Records from a data source:
================

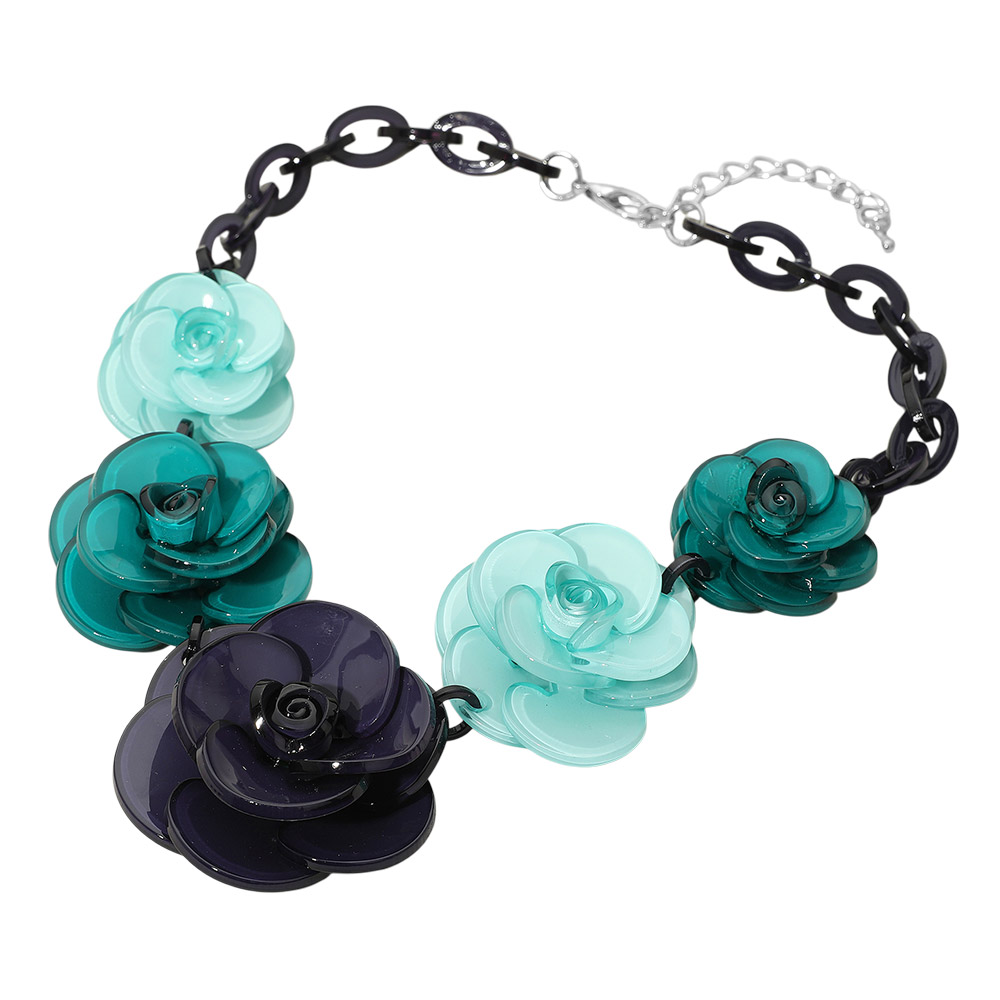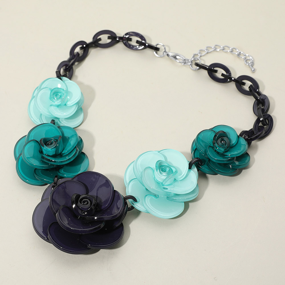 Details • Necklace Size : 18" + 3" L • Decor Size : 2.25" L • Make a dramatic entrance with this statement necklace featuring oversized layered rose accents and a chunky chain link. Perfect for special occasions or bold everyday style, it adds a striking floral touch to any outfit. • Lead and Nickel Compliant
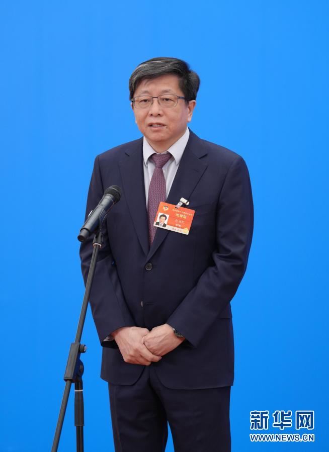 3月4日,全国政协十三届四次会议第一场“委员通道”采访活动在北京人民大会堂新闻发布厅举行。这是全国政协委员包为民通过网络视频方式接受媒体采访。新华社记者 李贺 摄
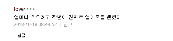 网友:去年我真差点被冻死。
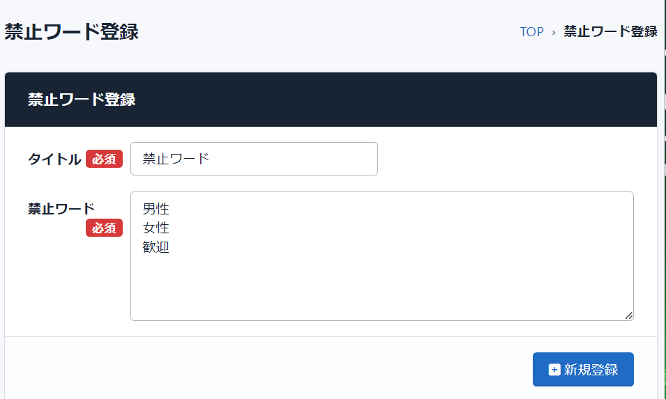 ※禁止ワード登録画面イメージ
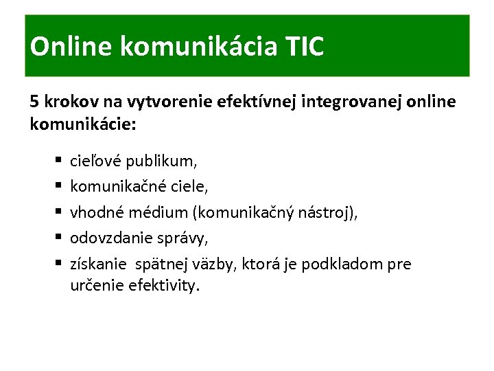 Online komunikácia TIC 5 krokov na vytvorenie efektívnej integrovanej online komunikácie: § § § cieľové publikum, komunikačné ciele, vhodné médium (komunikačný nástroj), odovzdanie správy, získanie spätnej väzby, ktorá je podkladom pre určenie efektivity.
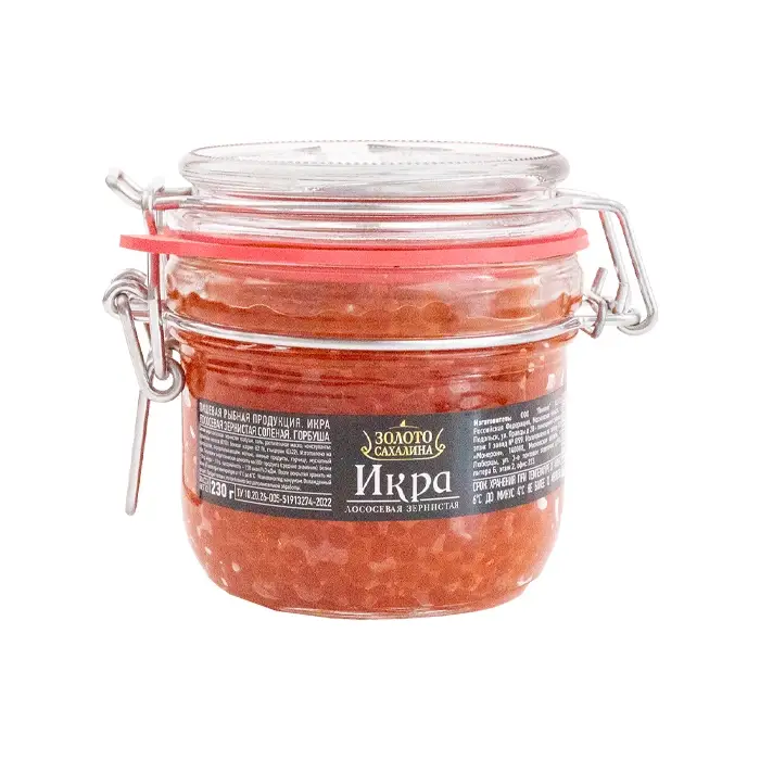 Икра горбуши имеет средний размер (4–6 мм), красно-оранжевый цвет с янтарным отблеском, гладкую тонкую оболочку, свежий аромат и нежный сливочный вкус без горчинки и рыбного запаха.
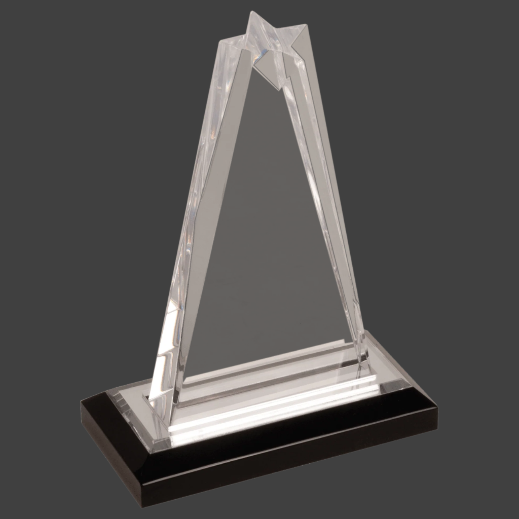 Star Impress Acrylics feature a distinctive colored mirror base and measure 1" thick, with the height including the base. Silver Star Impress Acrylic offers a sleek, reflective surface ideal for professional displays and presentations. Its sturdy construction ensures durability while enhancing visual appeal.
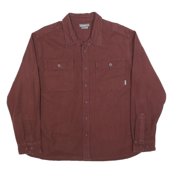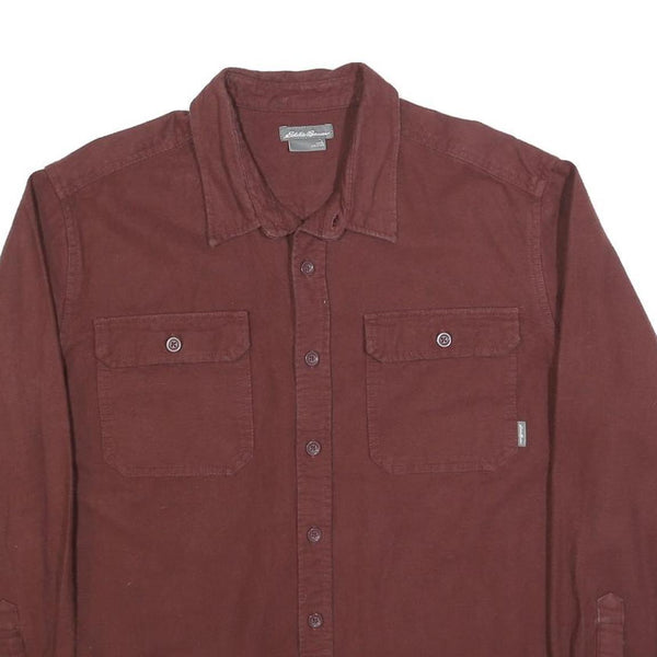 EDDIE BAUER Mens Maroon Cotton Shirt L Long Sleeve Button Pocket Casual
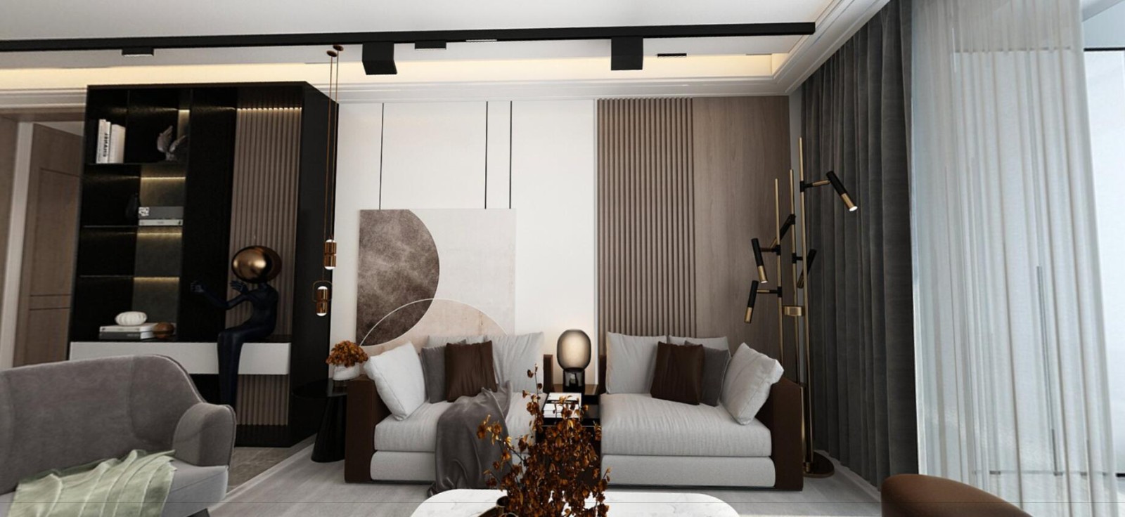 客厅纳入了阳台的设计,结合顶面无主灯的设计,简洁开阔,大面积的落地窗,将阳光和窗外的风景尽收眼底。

================

DIRECTIONS ▸ Only the lines from the one holding "网友:去年我真差点被冻死。" through the end of the data are to be printed, exactly as they stand and with no pictures.

OUTPUT ▸
 网友:去年我真差点被冻死。
 ※禁止ワード登録画面イメージ
 Online komunikácia TIC 5 krokov na vytvorenie efektívnej integrovanej online komunikácie: § § § cieľové publikum, komunikačné ciele, vhodné médium (komunikačný nástroj), odovzdanie správy, získanie spätnej väzby, ktorá je podkladom pre určenie efektivity.
 Икра горбуши имеет средний размер (4–6 мм), красно-оранжевый цвет с янтарным отблеском, гладкую тонкую оболочку, свежий аромат и нежный сливочный вкус без горчинки и рыбного запаха.
 Star Impress Acrylics feature a distinctive colored mirror base and measure 1" thick, with the height including the base. Silver Star Impress Acrylic offers a sleek, reflective surface ideal for professional displays and presentations. Its sturdy construction ensures durability while enhancing visual appeal.
 EDDIE BAUER Mens Maroon Cotton Shirt L Long Sleeve Button Pocket Casual
 客厅纳入了阳台的设计,结合顶面无主灯的设计,简洁开阔,大面积的落地窗,将阳光和窗外的风景尽收眼底。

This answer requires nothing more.